In the training phase, the test manual was refined on the basis of feedback, and the performance and interpretation of the tests were evaluated in order to remove potential errors. The four tests (Jobe, Neer, Hawkins and Apprehension) were used as a battery of tests to detect SIS. In the overall agreement phase, examiner A tested one sample first (11 players) and examiner B tested another sample first (nine players), and then the examiners switched samples and agreements were calculated. In the study phase, the 0.50 prevalence method was applied in order to obtain an accurate κ coefficient. In this phase, one examiner selected and tested a minimum of 20 subjects (10 cases and 10 controls) and sent them to the other examiner, and vice versa. The criterion for inclusion of subjects in the study phase was therefore either SIS (≥3 positive tests) for cases or no-SIS (≤1 positive tests out of four) for controls. A prevalence of 50% was obtained through this method (figure 2). This method is recommended when one diagnostic test is performed, and therefore all four tests were reduced to one diagnostic criterion classification, either SIS or no-SIS.
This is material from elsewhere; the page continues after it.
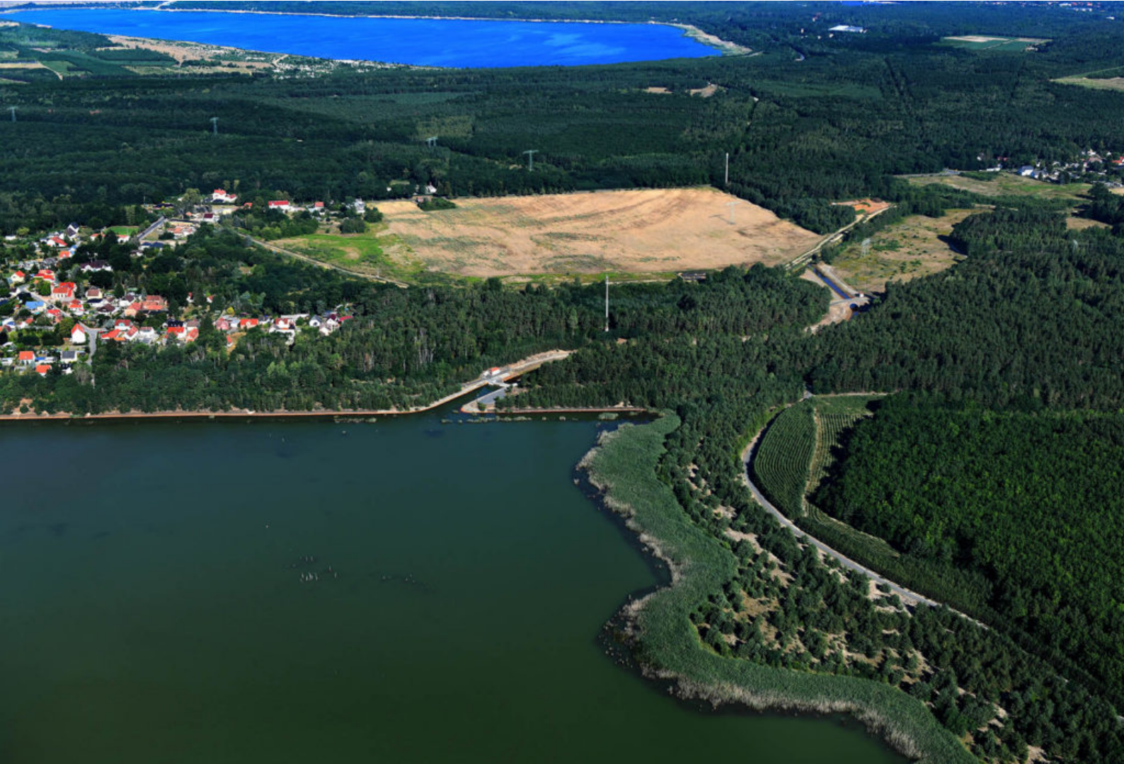
Auslaufbauwerk aus dem Speicher Burghammer zur Kleinen Spree

According to the study protocol, the training phase was carried out on 10 subjects (three male and seven female physiotherapy students with a mean±SD age of 25±4.1 years), and the overall agreement phase was carried out on 20 subjects (active male handball players with a mean±SD age of 19.9±3.7 years) with the dominant shoulder being tested, comprising 15 right and five left shoulders. In total, 30 males and 14 females with a mean±SD age of 19.6±5.4 years, comprising 35 right and nine left shoulders, respectively (n=44), met the criteria for inclusion in the study phase. To include these 44 subjects, 134 shoulders of active overhead athletes were tested (figure 3). The study was approved by the Ethics Committee in Science of the Region of Southern Denmark.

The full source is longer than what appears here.